Holistic Evaluation of Multimodal LLMs on Spatial Intelligence
作者: Zhongang Cai, Yubo Wang, Qingping Sun, Ruisi Wang, Chenyang Gu, Wanqi Yin, Zhiqian Lin, Zhitao Yang, Chen Wei, Oscar Qian, Hui En Pang, Xuanke Shi, Kewang Deng, Xiaoyang Han, Zukai Chen, Jiaqi Li, Xiangyu Fan, Hanming Deng, Lewei Lu, Bo Li, Ziwei Liu, Quan Wang, Dahua Lin, Lei Yang
分类: cs.CV, cs.CL, cs.LG, cs.MM, cs.RO
发布日期: 2025-08-18 (更新: 2025-11-27)
备注: Codebase: https://github.com/EvolvingLMMs-Lab/EASI/; Leaderboard: https://huggingface.co/spaces/lmms-lab-si/EASI-Leaderboard
💡 一句话要点
提出EASI以全面评估多模态LLMs在空间智能上的表现
🎯 匹配领域: 支柱九:具身大模型 (Embodied Foundation Models)

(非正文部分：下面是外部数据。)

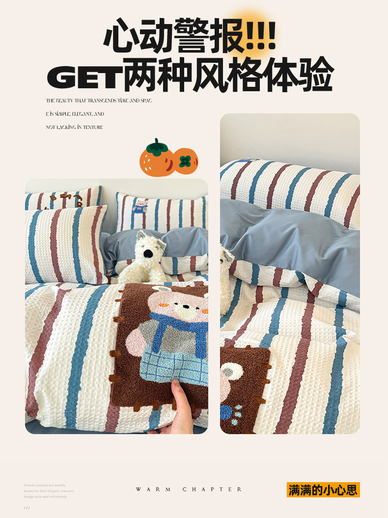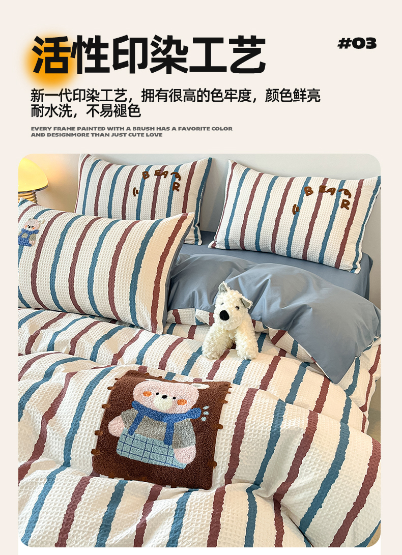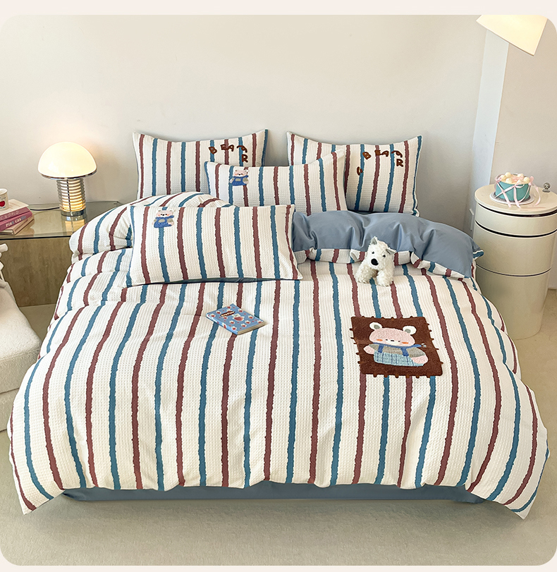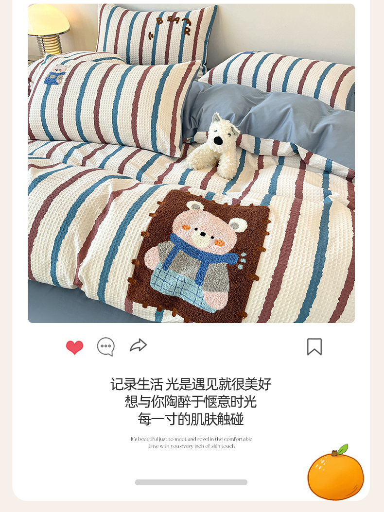 当前位置: 91家纺网 > 商品网购 > 床品套件 > 四件套 > 全棉普通四件套 > 眷恋家纺 2026新款全棉纯棉A版华夫格B版40支毛巾绣四件套 安可拉熊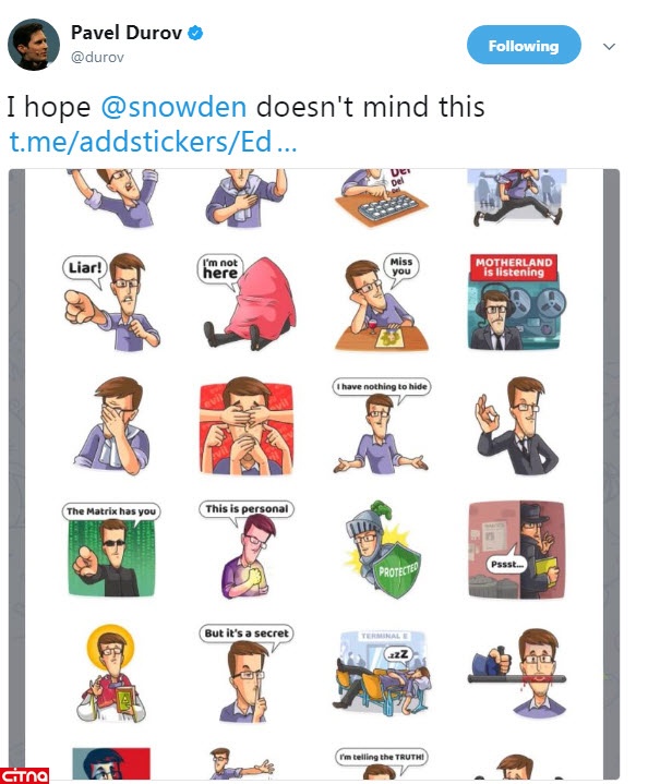 به گزارش سیتنا، مدیر تلگرام در توئیت خود نوشته است: «امیدوارم اسندون این را نفهمد!»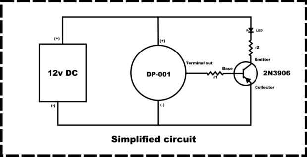 No necesitamos corriente fluyendo a través de la terminal de salida de la DP-001 y la base del transistor 2N3906, sólo necesitamos tener un interruptor de lógica entre "alta" y "baja", para reducir la corriente a través de la base del transitor añadir una resistencia de ohmios 1 k (r1) en la salida de la terminal DP-001 y la base del transistor 2N3906.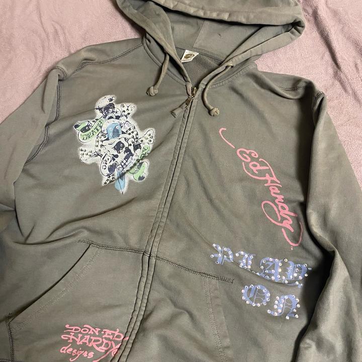 Ed Hardy Zip Hoodie Размер:M-L Состояние:9/10 Много страз,на спине логотип,хорошая зипка на повседнев ❗️Цена:20000 тенге❗️ Артикул: 575294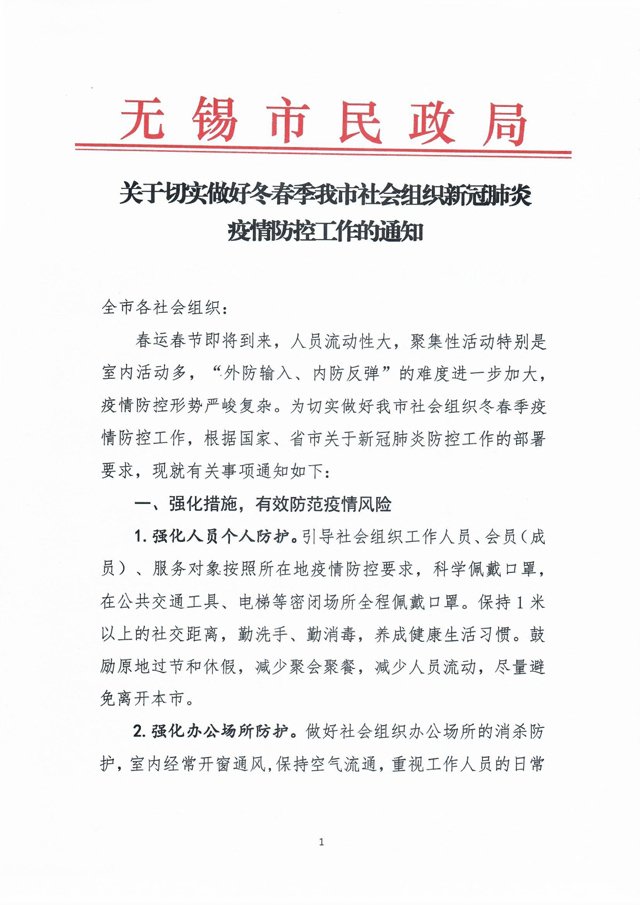 關(guān)于切實做好冬春季我市社會組織新冠肺炎疫情防控的通知

关键词: 空间智能 多模态模型 评估框架 人工智能 模型比较 任务分类 开源代码 社区合作
📋 核心要点
- 现有多模态模型在空间理解和推理方面存在显著不足,限制了其在实际应用中的有效性。
- 提出EASI框架,系统整合空间任务基准,提供标准化接口和协议,便于对多模态模型进行全面评估。
- 实验证明,GPT-5在空间智能任务中表现优异,但仍未达到人类水平,且在复杂任务中模型能力不足的现象明显。
📝 摘要(中文)
多模态模型近年来取得了显著进展,但在空间理解和推理方面仍存在明显局限,这一能力是人工通用智能在物理世界中的基础。随着GPT-5的发布,本文及时评估了当前领先模型(如GPT、Gemini等)在空间智能(SI)方面的表现。我们提出了EASI,一个全面的空间任务评估框架,整合了现有基准和新创建的任务,支持对最先进模型的系统评估。研究表明,尽管GPT-5在SI方面表现出色,但在广泛的SI任务中仍显著低于人类表现。此外,SI任务暴露出模型能力的不足,尤其是在面对最具挑战性的任务时,专有模型未能展现出明显优势。我们还进行了定性评估,发现许多直观的场景对当前多模态模型构成挑战。EASI是一个持续的社区努力,已开源代码库并建立了EASI排行榜,以促进对SI的集体进展。
🔬 方法详解
问题定义:本文旨在解决多模态模型在空间智能(SI)任务中的评估问题。现有方法缺乏统一的评估框架,导致模型性能难以比较和分析。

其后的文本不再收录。